With the pictures left out, reproduce exactly the lines from the one containing "[영등포신문=이승일 기자] 오는" through the final line of the entries.

--

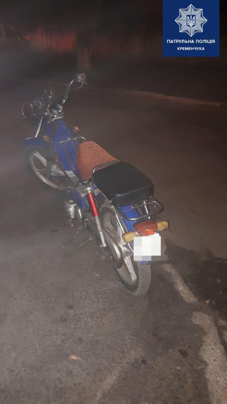 Кременчуцькі патрульні затримали 50-річного п'яного мопедиста без водійського посвідчення, який роз'їжджав містом.
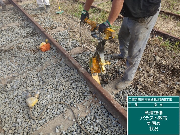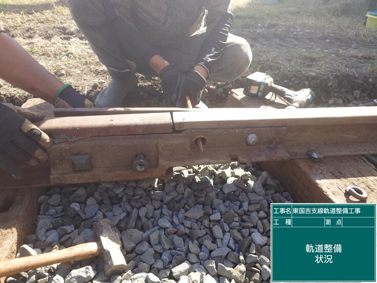 高さ、ゲージ、通り狂いを調べて行き、不良箇所は再度調整して突き固めを行います。
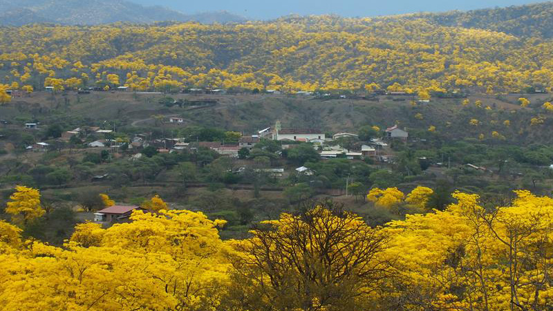Las primeras lluvias de invierno sobre un bosque seco en el cantón Zapotillo, en el sur de Ecuador, alientan el surgimiento de las flores amarillas de cientos de guayacanes, convirtiendo a 40,000 hectáreas en un manto color oro que cautiva a miles de turistas e inspira a artistas.
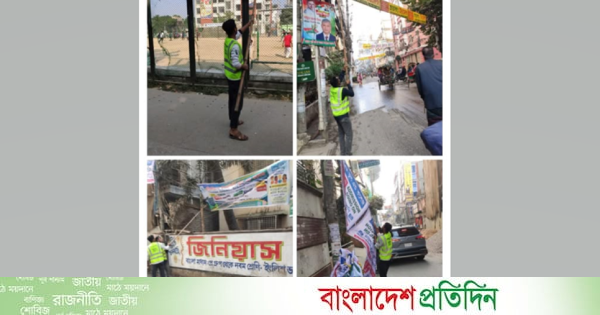 ঢাকা উত্তর সিটি কর্পোরেশনের ৩৬ ওয়ার্ডের আওতাধীন এলাকায় অবৈধ ব্যানার-ফেস্টুন অপসারণ করেছে সংস্থাটির পরিচ্ছন্নতা কর্মীরা।
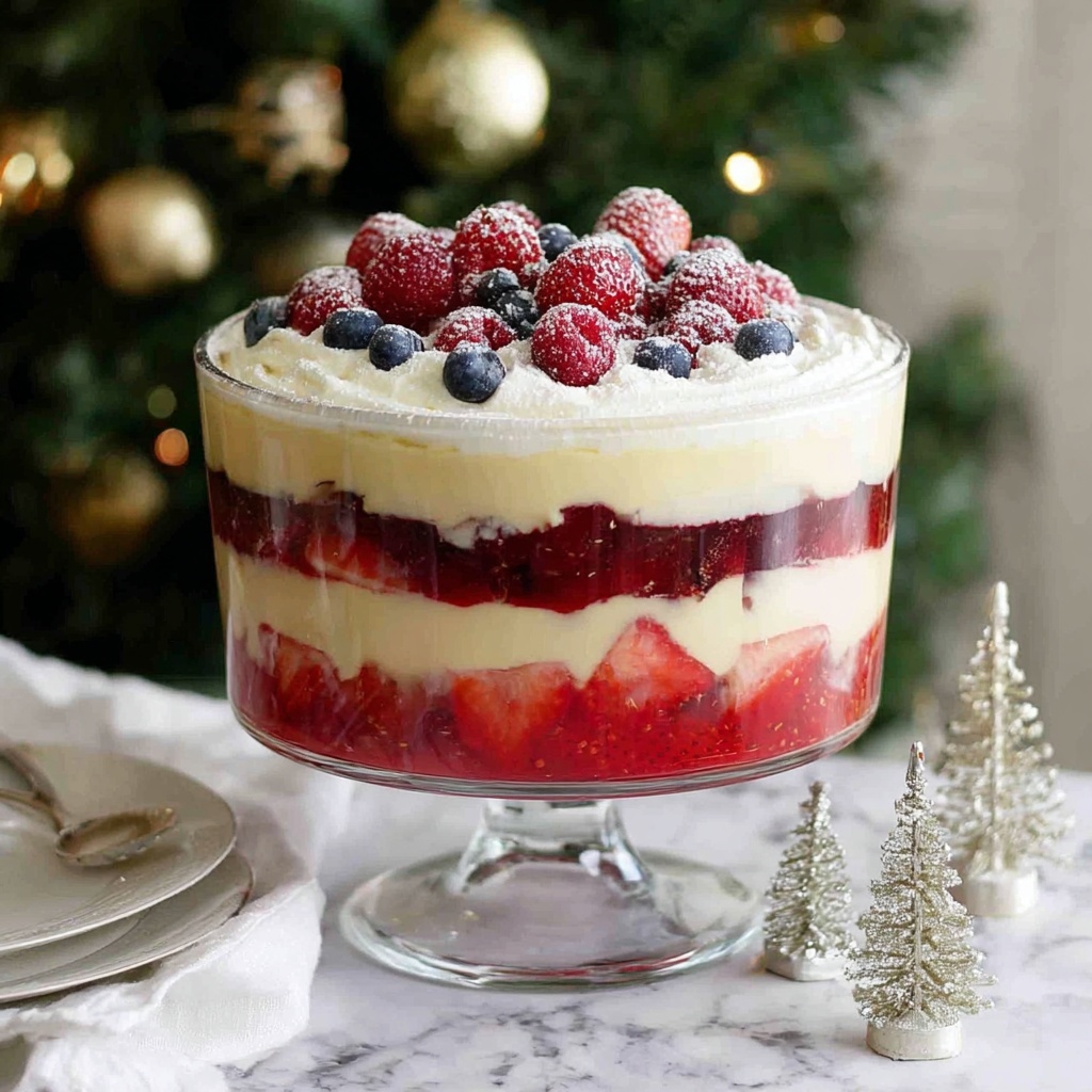 A festive and visually stunning Christmas Trifle featuring layers of moist Madeira cake soaked in fruit liquor or juice, fresh berries, a smooth gelatin cranberry layer, rich homemade custard, and fluffy whipped cream. Perfect for holiday gatherings, this dessert combines traditional flavors with a vibrant presentation to delight 10 to 14 guests.
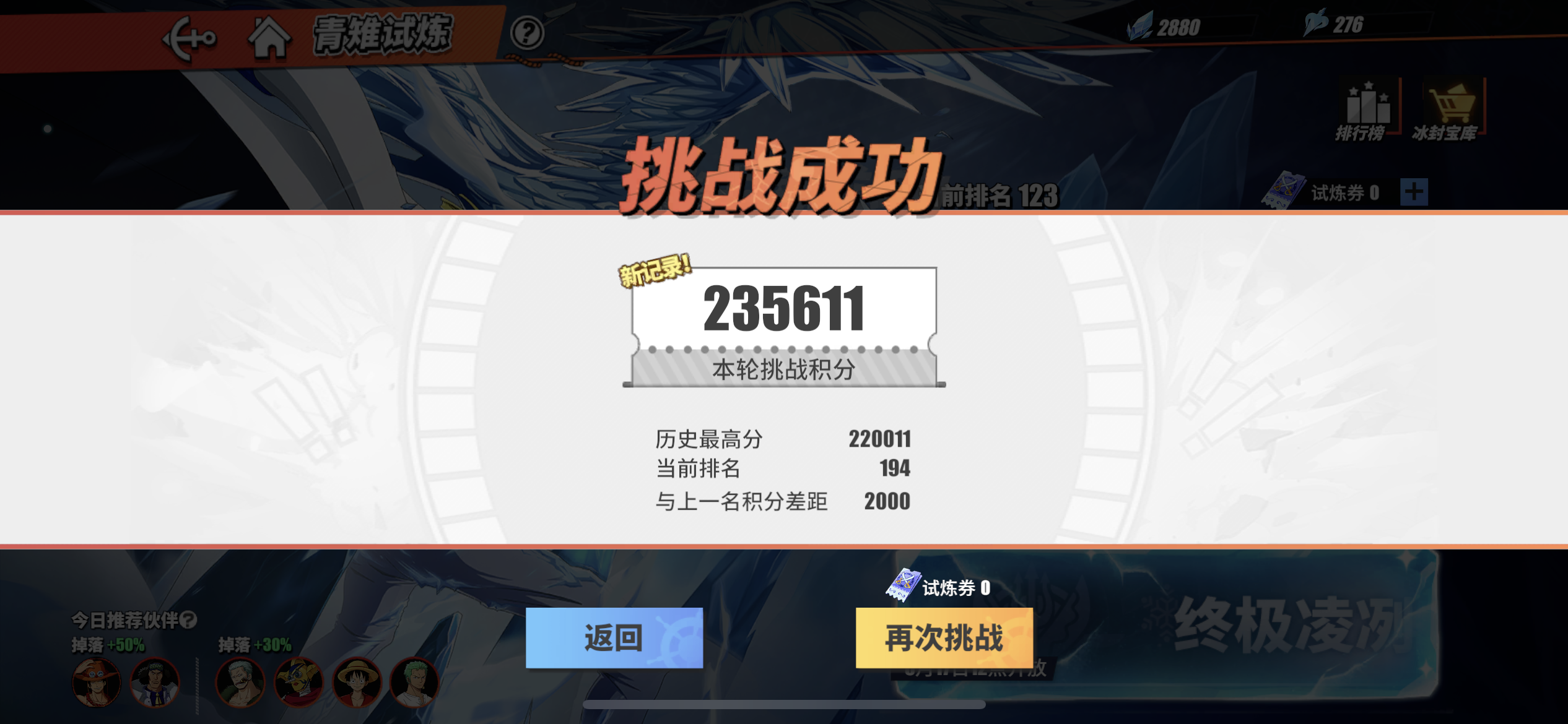青雉试炼排名是怎么算的为什么第一名21w,我23w不显示啊。排名还一直往下掉。
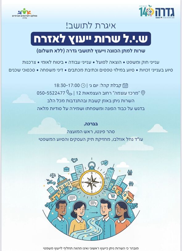 בימי שלישי פועל שירות ש.י.ל - שירות ייעוץ לאזרח במרכז עוצמה גדרה המעניק ייעוץ במגוון תחומים ללא עלות
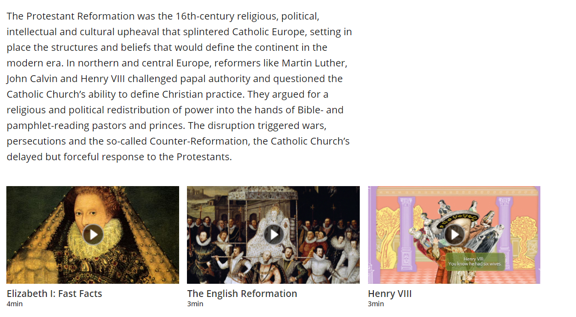 “The Protestant Reformationwas the 16th-century religious, political, intellectual and cultural upheaval that splintered Catholic Europe, setting in place the structures and beliefs that would define the continent in the modern era. In northern and central Europe, reformers like Martin Luther, John Calvin and Henry VIII challenged papal authority and questioned the Catholic Church’s ability to define Christian practice. They argued for a religious and political redistribution of power into the hands of Bible- and pamphlet-reading pastors and princes. The disruption triggered wars, persecutions and the so-called Counter-Reformation, the Catholic Church’s delayed but forceful response to the Protestants.”
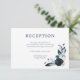 Une carte de réception bohème à fleurs navales, où vous pouvez fournir les détails des activités après le mariage.
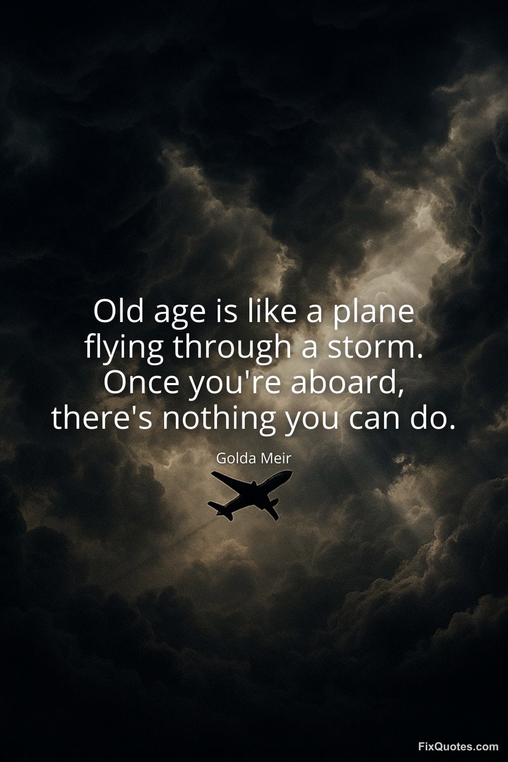 Meir, Golda. (2026, January 11). Old age is like a plane flying through a storm. Once you're aboard, there's nothing you can do. FixQuotes. https://fixquotes.com/quotes/old-age-is-like-a-plane-flying-through-a-storm-127111/
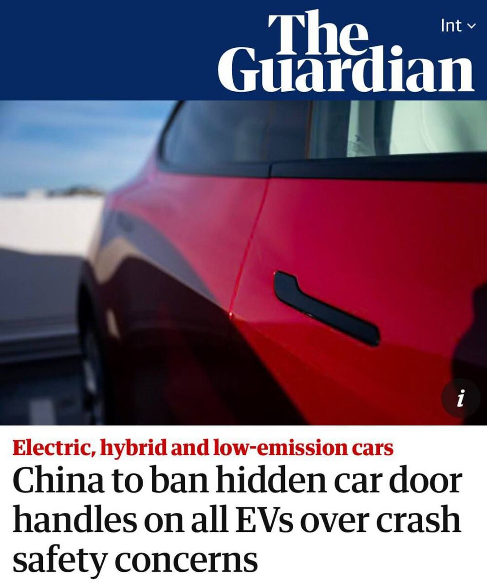 моделях. Изменения в правила внесли из-за ряда смертельных ДТП. Людей запирало в салоне после отказа электроники. Для понимания: сейчас скрытые дверные ручки ставят на 60% самых продаваемых электрокаров и гибридов в Китае. #автоновости
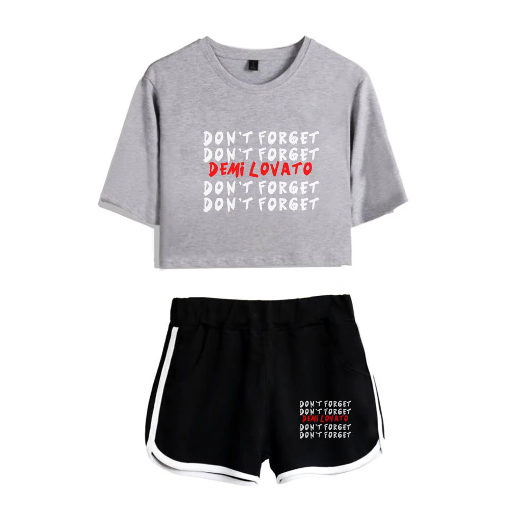 Роскошные футболки с принтом Деми Ловато, шорты, штаны, пупок росы, спортивные костюмы для девочек с коротким рукавом, красивые сексуальные комплекты из двух предметов для девушек
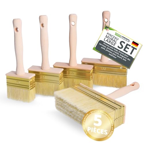 ToolSpace 5 Pièce Pinceau 70/90/110/130/150 mm Brosse en Bois pour Lasure Badigeon Chauler de la Peinture à la Chaux Spalter Large avec Poil Naturel pour Application Terrasse Mur Murale à Effet Papier
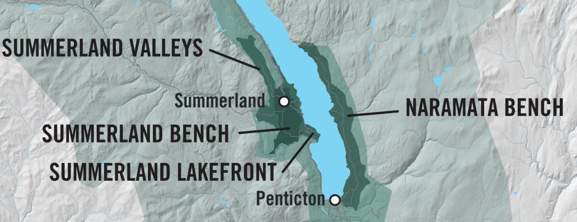 Geographical Boundaries Its boundary begins in the very southeast corner of the lake, takes a paring off the northeast corner of the city of Penticton, by running along Penticton Creek and continues inland for two kilometers before heading northward. With Okanagan Lake providing the western border, the eastern boundary line runs north, paralleling the shoreline, forming an arable margin whose width varies between one and three kilometers, ending about twenty twenty-five kilometers north at Sebastian Farms vineyards next to Okanagan Mountain Provincial Park.
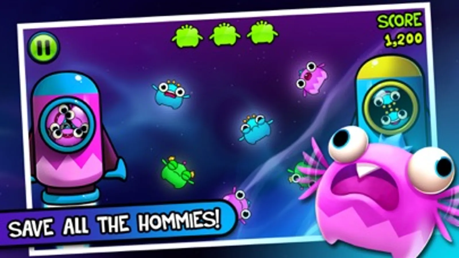 Take each Hommie to it's corresponding ship, battle enemies and bosses, discover new worlds, upgrade your power ups, choose between different game modes, unlock secret characters, compete with your friends for the maximum score and play tons of amazing levels!
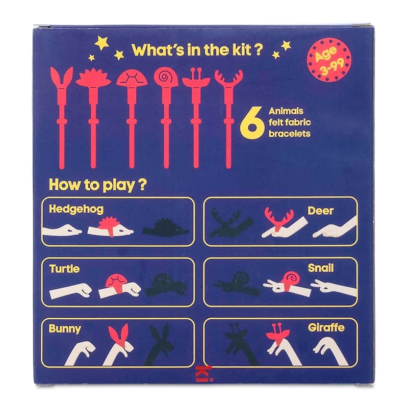 Teatru de umbre , Bratari cu animale din fetru Set cu 6 bratari colorate din fetru cu animale: arici, broasca testoasa, melc, iepuras, girafa, caprioara. Materiale: fetru certificat, sigur pentru copii Varsta recomandata: 3+ ani Avertisment: Nerecomandat sub 3 ani , piese mici (pericol de sufocare)
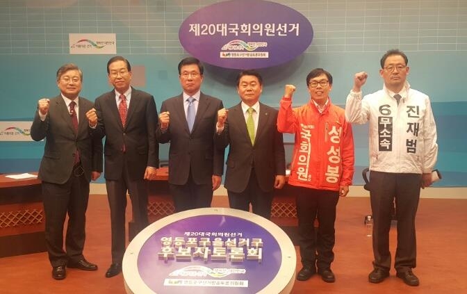 [영등포신문=이승일 기자] 오는 4월 13일 실시하는 제20대 국회의원 선거에 출마하는 영등포 갑·을 지역 후보자 합동토론회가 영등포구선거관리위원회 남기주 위원장(서울남부지방법원 부장판사)과 김용숙 선거방송토론위원(영등포신문 발행인) 등이 참석한 가운데 5일 지역 케이블 방송인 CMB방송 스튜디오에서 영등포구선거방송토론위원회 주관으로 개최됐다.
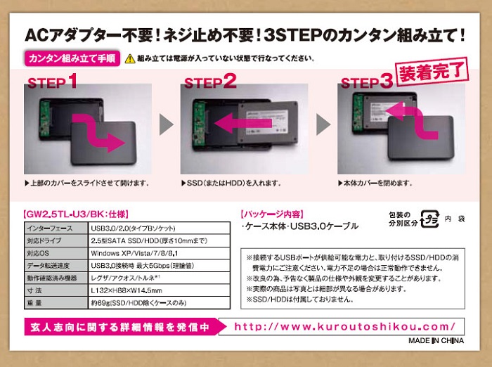 USBバスパワーで動作可能、ACアダプター不要。 USB3.0対応で高速転送が可能。 スライドカバーでネジ不要の簡単取り付けを実現。 シックでツヤのあるブラックボディ、青く光るアクセスランプを採用。
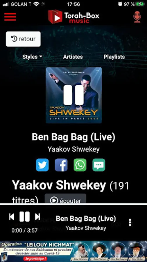 Find every day 1 hour non-stop of Mizra’hi music (11h) and 1h non-stop of the last hits of jewish music (16h). And every Friday, special Chabbath music at 11 a.m. and 1 p.m.
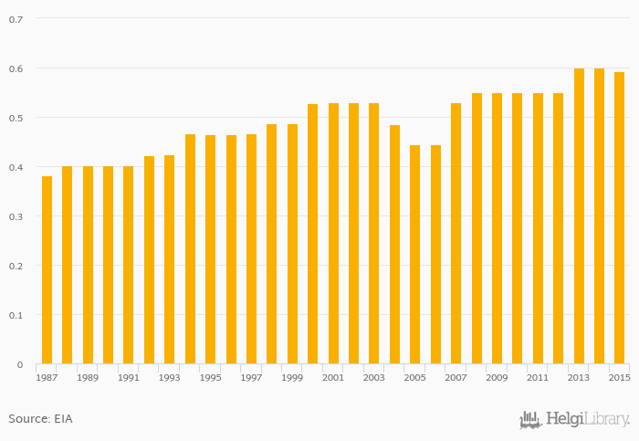Kerosene consumption fell 1.17% to 0.593 '000 bpd in Central African Republic in 2015, according to EIA.
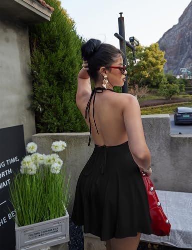 BEAGIMEG Women's Sexy Bodycon Sleeveless Halter Tie up Back Backless Deep V A-line Club Party Mini Dress 1
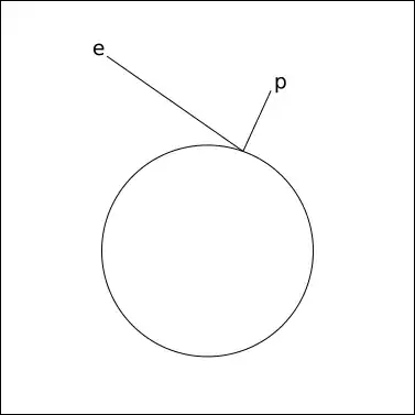 I have two points ($e$ and $p$) in a 2D space and I am trying to figure out where on the circle is the reflection of $p$ as seen from $e$.

--

**Exercise output**
 [영등포신문=이승일 기자] 오는 4월 13일 실시하는 제20대 국회의원 선거에 출마하는 영등포 갑·을 지역 후보자 합동토론회가 영등포구선거관리위원회 남기주 위원장(서울남부지방법원 부장판사)과 김용숙 선거방송토론위원(영등포신문 발행인) 등이 참석한 가운데 5일 지역 케이블 방송인 CMB방송 스튜디오에서 영등포구선거방송토론위원회 주관으로 개최됐다.
 USBバスパワーで動作可能、ACアダプター不要。 USB3.0対応で高速転送が可能。 スライドカバーでネジ不要の簡単取り付けを実現。 シックでツヤのあるブラックボディ、青く光るアクセスランプを採用。
 Find every day 1 hour non-stop of Mizra’hi music (11h) and 1h non-stop of the last hits of jewish music (16h). And every Friday, special Chabbath music at 11 a.m. and 1 p.m.
Kerosene consumption fell 1.17% to 0.593 '000 bpd in Central African Republic in 2015, according to EIA.
 BEAGIMEG Women's Sexy Bodycon Sleeveless Halter Tie up Back Backless Deep V A-line Club Party Mini Dress 1
 I have two points ($e$ and $p$) in a 2D space and I am trying to figure out where on the circle is the reflection of $p$ as seen from $e$.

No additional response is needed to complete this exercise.